Saturday, May 26, 2007

Finally, I'm on topic!

I was listening to the "Around the World" concert last night, and (since I just can't turn my mind off homework) one of the pieces reminded me of the stuff we've been covering in class --

the "Mi'kmaq Honour Song" by Lydia Adams (sung by Concert Choir): the notes by the composer say,
"The Mi'kmaq Honour Song is a chant dedicated to and in honor of the Creator. The employment of nature sounds and the call of human voice honors this tradition of the Mi'kmaq peoples. The sounds are not in any particular language, but are perhaps a derivation of a test handed down through the ages."


This is so similar to Pollock and Rothko -- they are all influenced by the affective and "noble savage" way they see primitive culture (kind of like Grizzly Man, too?) and go for "universal" symbolism.

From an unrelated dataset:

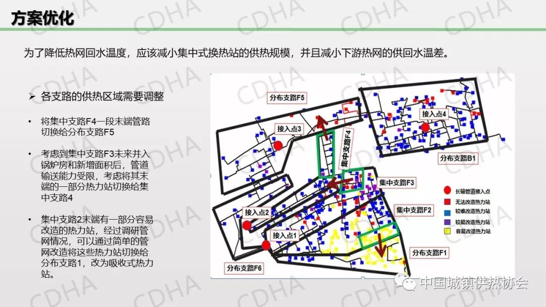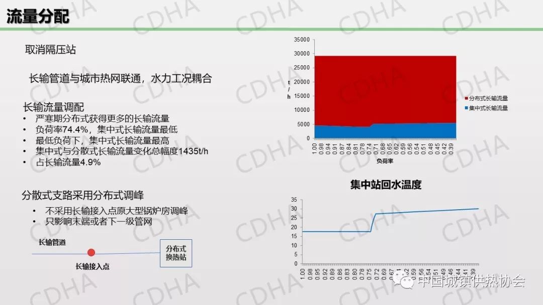 黃偉在“長輸管網(wǎng)相關(guān)技術(shù)”分論壇上作了關(guān)于此篇論文的主題演講。他介紹了該項目的研究背景、管網(wǎng)改造方案、運(yùn)行調(diào)節(jié)策略以及系統(tǒng)評價,總結(jié)提出集中與分散式相結(jié)合,通過兩者之間的流量調(diào)配和熱量調(diào)配使總回水溫度全采暖季維持在21℃左右,基于低回水溫度的供熱系統(tǒng),即使用70公里以外的電廠供熱,與本地燃?xì)忮仩t相比較依然具有顯著的節(jié)能效益和經(jīng)濟(jì)性。

While the piece sounded haunting and evocative of spiritual things (like Pollock's "Guardians of the Secret" seemed to have some religious meaning), in the end it is 'empty' of religion -- it is not grounded in a tradition but just nods at everyone's idea of primitive traditions; not only does it not use words, but the sounds are not out of any real language, by trying to preempt the beliefs of any particular tradition and get "before" them to the source of spirituality, the Abstract Expressionists, and Lydia Adams in this piece, only succeed in creating a front with nothing behind it.